Info-tech

Tech Mahindra confident despite 20% profit drop

Our bureau Mumbai | Updated on January 24, 2018 Published on January 30, 2015


IT solutions company Tech Mahindra has reported a 20 per cent fall in net profit for the third quarter ended December 31, 2014. This decline must be seen in the context of exceptional gains related to taxes and past provisions recorded in the comparable year ago period by the company.

The company’s net profit in Q3 stood at Rs 805.3 crore as against Rs 1010 crore in the corresponding quarter a year ago.

Revenue went up by 17.4 per cent to Rs 5751.7 crore (Rs 4898.5 crore)

For the quarter ended December 31, 2014, Tech Mahindra had reported an exceptional gain of Rs 120 crore, representing a write back of the estimated excess provision for contingencies provided in an earlier year by erstwhile Satyam.

Moreover, the company had recorded a tax writeback of Rs 226.6 crore in order to protect itself from various taxation disputes related to Satyam. The provision for taxation in December 2014 quarter was almost ten times higher to Rs 251.2 crore (Rs 26.4 crore). Mahindra Satyam merged with Tech Mahindra last year.

On a year-on year basis, Tech Mahindra’s net profit went up by 12 per cent.

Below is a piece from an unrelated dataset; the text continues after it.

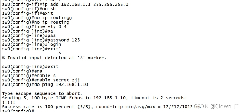 配置vlan 1IP地址并设置远程连接密码为123特权zjj

The company management expects to sustain this momentum going forward. “The good news is that all major geographies did well in the quarter gone by. We are seeing strong traction in the US and Europe,” said CP Gurnani, Chief Executive Officer of the company.

The third quarter is generally a weak quarter for software companies due to factors such as fewer working days, broad-based furloughs (a furlough is a temporary leave of some employees due to special needs of a company) across industries and lower project based spending by clients. All indications are that Q4 may be a better quarter for the Mumbai-based IT company.

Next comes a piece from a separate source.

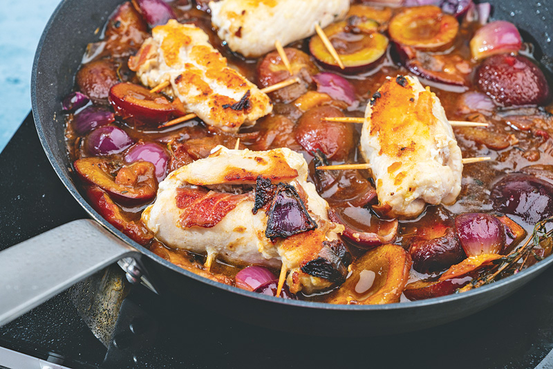 Pflaumen waschen, trocken tupfen, entstielen, halbieren und entkernen. Zwiebeln schälen und vierteln. Knoblauch ebenfalls schälen und fein hacken. Die Hähnchenbrust der Länge nach halbieren, mit Frischhaltefolie bedecken und mit einem Fleischklopfer oder Nudelholz flach klopfen. Mit Schinken belegen und frisch geriebenem Parmesan bestreuen. Anschließend das Fleisch aufrollen und mit einem Zahnstocher fixieren. Mit Salz und Pfeffer würzen und in Mehl wenden. Olivenöl in einer Pfanne erhitzen. Zwiebeln und Knoblauch darin anbraten, dann die Involtini rundherum 2 Minuten scharf anbraten. Pflaumen, Zitronenschale und Thymian hinzufügen, kurz mitbraten und mit Brühe ablöschen. Die Pflaumen etwa 8 bis 10 Minuten einkochen lassen, dabei die Involtini regelmäßig mit dem Ragout begießen.

In line with the commentary from other frontline IT services firms, Tech Mahindra said that digital transformation will be a key theme for growth in calendar 2015.

Taking cues from rivals Infosys and HCL Technologies, Tech Mahindra has decided to give one bonus share for every share held in the company. The company has also decided to split its shares in the ratio of 2:1. This means, after accounting for the bonus issue and stock split, an investor who holds one share of Tech Mahindra will not get three additional shares of Rs 5 face value

Shares of Tech Mahindra were down by 0.83 per cent to close at Rs 2878.3 on the Bombay Stock Exchange today.